In this exercise, we will perform 5-fold cross validation with Python and scikit-learn package

In [2]:
# Perform previous operations
from sklearn.model_selection import train_test_split
import pandas as pd
data = pd.read_csv("./imputed_data.csv", index_col=0)
features = data.iloc[:, 3:-1]
features = pd.get_dummies(features).values
labels = data.mort_icu.values
train_features, test_features, train_labels, test_labels = \
                                    train_test_split(features, labels, test_size = 0.25, random_state = 2018)

In [3]:
# Import cross validation functions 
from sklearn.model_selection import cross_validate

In [4]:
# Import the model we will use for each fold
from sklearn.ensemble import RandomForestClassifier

In [5]:
# Define the model
rf_model = RandomForestClassifier(n_estimators=1000)

To use the cross validation function in scikit-learn, we need to define the following hyperparameters: 

+ estimator: the model to fit data
+ X: the features to feed 
+ y: the labels of data 
+ cv: the number of folds 
+ scoring: performance metrics for model
+ n_jobs: The number of CPUs to use to do the computation
+ return_train_score: Whether to include the training scores 

Same as previous exercises, we use 'accuracy' and 'roc_auc' as our performance metrics (score). 

In [6]:
k_fold_cv = cross_validate(rf_model, features, labels, cv=5, 
                           scoring=('accuracy', 'roc_auc'), 
                           n_jobs=8, 
                           return_train_score=True)

In [7]:
print("The training accuracy of 5-fold cross validation is {:.2f} %. ".format(k_fold_cv['train_accuracy'].mean()))
print("The training AUROC of 5-fold cross validation is {:.2f}. ".format(k_fold_cv['train_roc_auc'].mean()))

The training accuracy of 5-fold cross validation is 1.00 %. 
The training AUROC of 5-fold cross validation is 1.00. 


In [8]:
print("The testing accuracy of 5-fold cross validation is {:.2f} %. ".format(k_fold_cv['test_accuracy'].mean()))
print("The testing AUROC of 5-fold cross validation is {:.2f}. ".format(k_fold_cv['test_roc_auc'].mean()))

The testing accuracy of 5-fold cross validation is 0.93 %. 
The testing AUROC of 5-fold cross validation is 0.88. 


We have performed cross validation above.

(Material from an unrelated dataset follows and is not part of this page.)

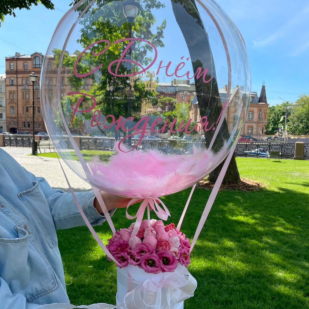 эустома розовая – 5 шт.клубника в бельгийском шоколаде – 350 гр.воздушный шар с индивидуальной надписью – 1 шт.

Please note that: cross validation does not help you to "solve" overfitting problem, instead, it helps you to detect overfitting. If the performance in testing set are drastically worse than it in training set (about 20-30% worse), it means that you may consider overfitting occurs and adjust your model parameters. 

In the above example, we have a similar performance between training and testing dataset. The overfitting problem is not serious in this case.